MindsDB Path Traversal Vulnerability in File Upload API Leading to Remote Code Execution

A path traversal vulnerability has been identified in MindsDB versions prior to 25.9.1.1, specifically within the '/api/files' interface. This vulnerability allows authenticated attackers to exploit the 'Upload File' module by sending multipart file uploads that include '../' sequences in the filename. The lack of proper security checks on the file path enables arbitrary content to be written to any location on the server. The issue arises because the file write operation occurs before the filenames are sanitized, creating a window for exploitation.
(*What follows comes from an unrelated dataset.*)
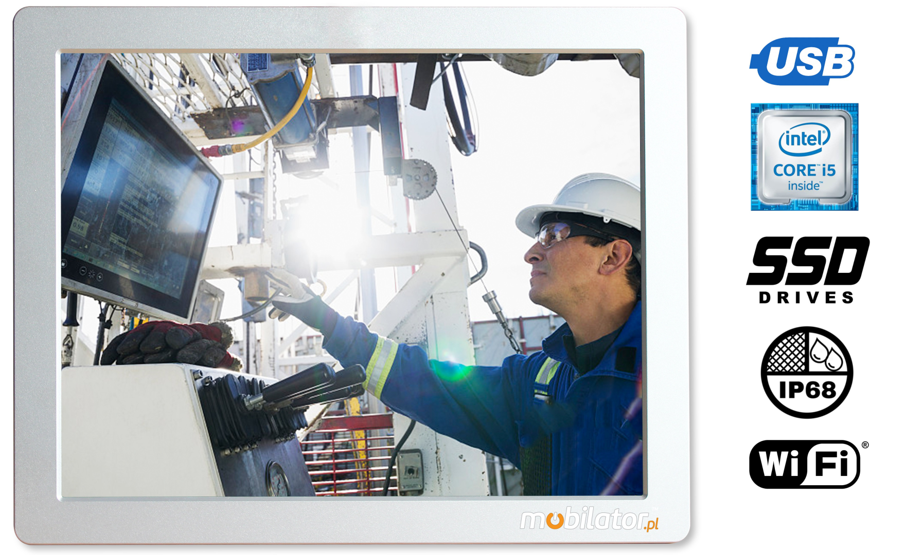 The dust-proof industrial PC panel uses an efficient and energy-saving Intel Corer i5 6200 processor. In its interior there are two cooperating cores enabling more efficient processing of many tasks at the same time. Shared cache memory in which a multi-level hierarchy is used is dynamically allocated to each processor core depending on the load. This reduces the average access time to the main memory. Improved graphics card technology allows you to enjoy movies at full resolution and HD quality

Once the malicious file is uploaded, it can be used to execute arbitrary commands on the server via MindsDB's functionality.

Impact

Exploitation of this vulnerability allows for remote code execution on the server where MindsDB is running.

Reproduction

To reproduce this vulnerability, send a PUT request to the '/api/files' endpoint with a multipart form-data payload. Include a filename that uses path traversal sequences to overwrite a file in the Python 'venv' directory, specifically targeting the 'pip/__init__.py' file. After overwriting the file, call the '/<handler_name>/install' endpoint to execute the malicious script, which can be verified by checking for the creation of a file in the '/tmp' directory.

Remediation

Users can upgrade to MindsDB version 25.9.1.1 or later, where this vulnerability has been patched.